Create a chat completion following the OpenAI-compatible Chat Completions format.

  • Method: POST
  • Path: /v1/chat/completions
  • Auth: Bearer token in Authorization header
  • Content-Type: application/json
OpenAI-compatible

The request/response format mirrors OpenAI's Chat Completions. Bring your existing OpenAI SDK code and only change baseURL and the apiKey.

Request parameters

  • model (string, required): Target model ID.
  • messages (array, required): Chat messages.

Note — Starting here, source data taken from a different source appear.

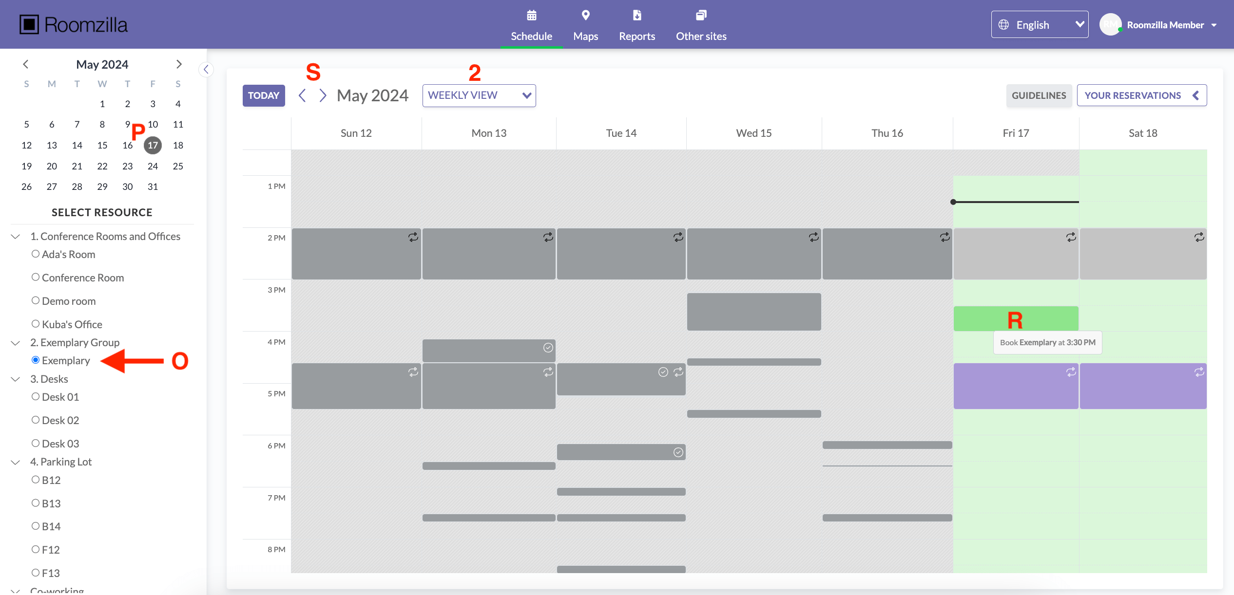 D- グループの折りたたみ- ワンクリックで、予約に興味のないグループ内のリソースをすべて非表示にし、見やすくすることができます。
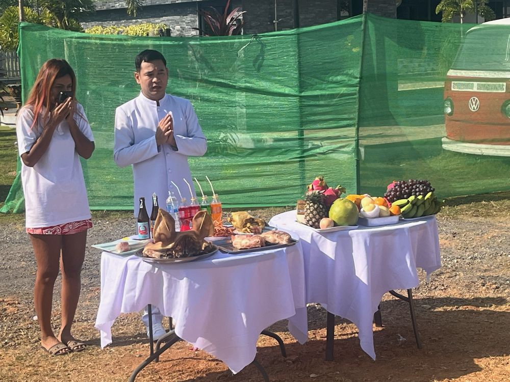 Ny köpare Hus 110 är sålt och då blir det välsignat enligt tradition Välkommen till Thailand Ingen dålig välsignelse på detta huset Välsignelsen har börjat Första bananplantan på plats Mat och dryck enligt seden
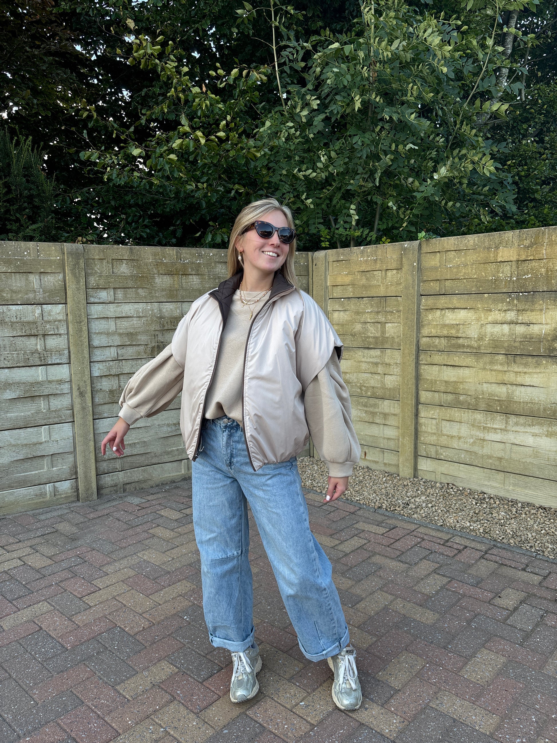 Het is omkeerbaar. Je kan het dragen in het donkerblauw of in kobaltblauw.
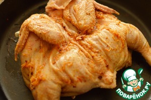2. Цыпленка вымыть. обсушить. Хорошо обмазать ароматной смесью и оставить на 30 минут. Переложить цыпленка на сковородку и запечь при 180С до готовности. У меня ушло 30 минут.
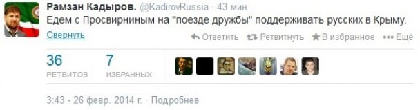 «Едем с Просвирниным на "поезде дружбы" поддерживать русских в Крыму», - написал Кадыров в своем Тwitter.
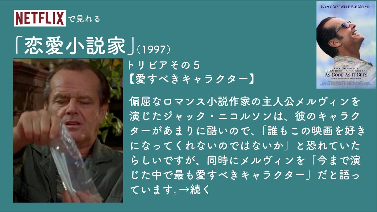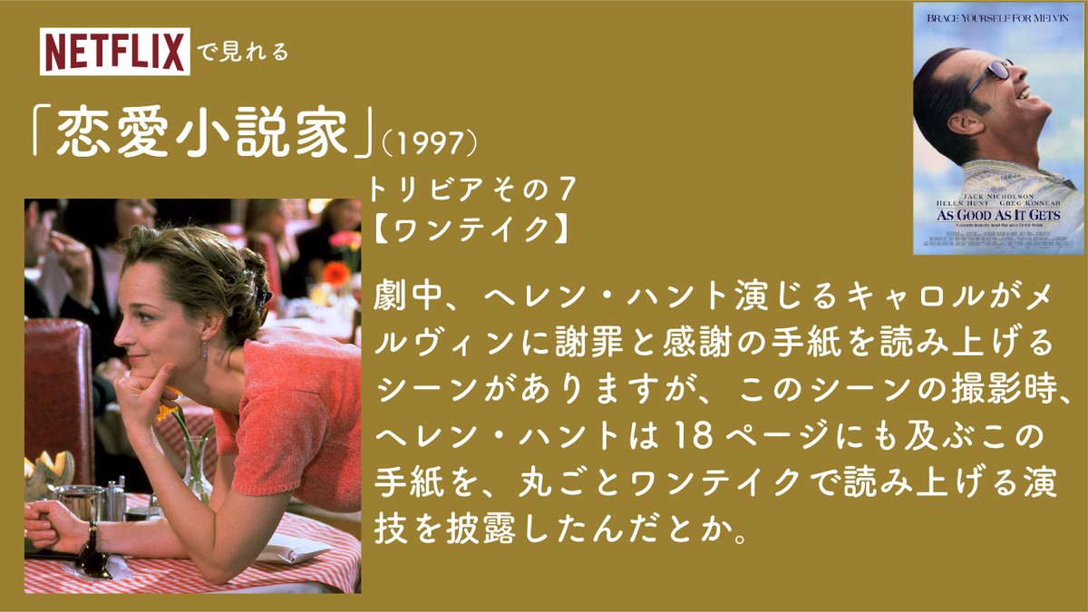 毎日映画トリビア 日曜夜9時からyoutubeでファルコン ウィンターソルジャーのトリビア配信 on twitter 1日1本映画トリビア生活95日目 恋愛小説家 1997 偏屈なロマンス小説作家と彼の行きつけのレストランで働くウェイトレスとの恋愛を描いた恋愛ドラマ 監督
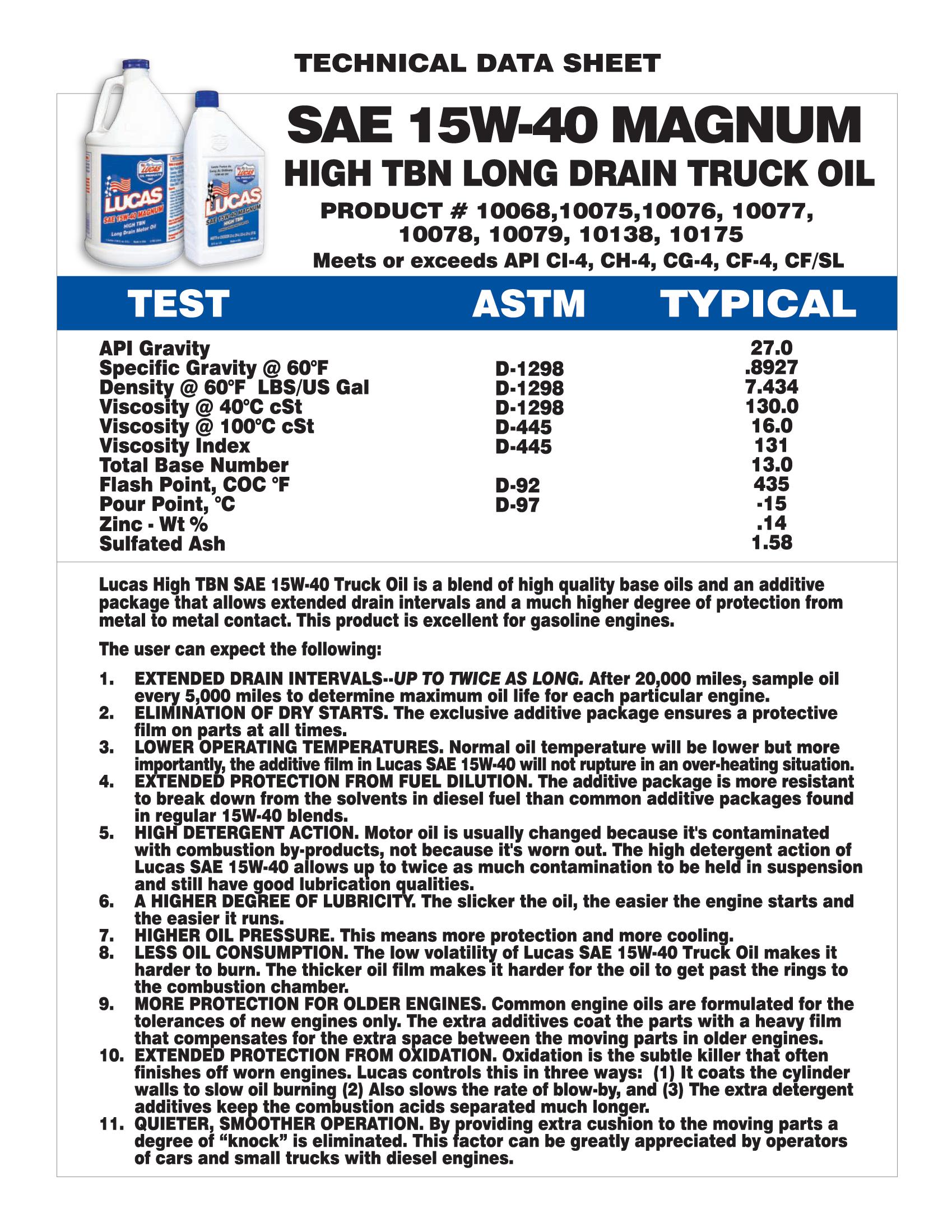 Lucas 15W-40 Magnum High TBN CI-4 Oil is a blend of high quality base oils and an additive package that allows extended drain intervals and a much higher degree of protection from metal to metal contact.

Each item:
    • role (string): "system" | "user" | "assistant" | "tool"
    • content (string or array): Text, or an array of blocks including:
      • Text: { "type": "text", "text": "..." }
      • Image: { "type": "image_url", "image_url": { "url": "https://...", "detail": "low|high|auto" } }
      • File (PDF): { "type": "file", "file": { "filename": "...", "file_data": "https://..." } }
      • Audio (Gemini only): { "type": "input_audio", "input_audio": { "data": "BASE64", "format": "wav|mp3" } }
  • tools (array): Tool definitions (JSON), OpenAI-compatible.
  • tool_choice (string | object): Tool forcing strategy.
  • response_format:
    • Text: { "type": "text" }
    • JSON object: { "type": "json_object" }
    • JSON schema: { "type": "json_schema", "json_schema": { "name": "...", "schema": { ... }, "strict": true } }
  • temperature (0..2), top_p (0..1)
  • stream (boolean, default false)
  • stream_options (object): { "include_usage": boolean }
  • stop (string | string[])
  • max_completion_tokens (integer ≥ 1)
  • reasoning_effort ("minimal" | "low" | "medium" | "high")
  • presence_penalty, frequency_penalty (-2..2)
  • logit_bias (object)
  • parallel_tool_calls (boolean)
  • prediction.static_content (object): Pre-seeded content for structured tasks.
  • web_search_options (object): Optional web search config.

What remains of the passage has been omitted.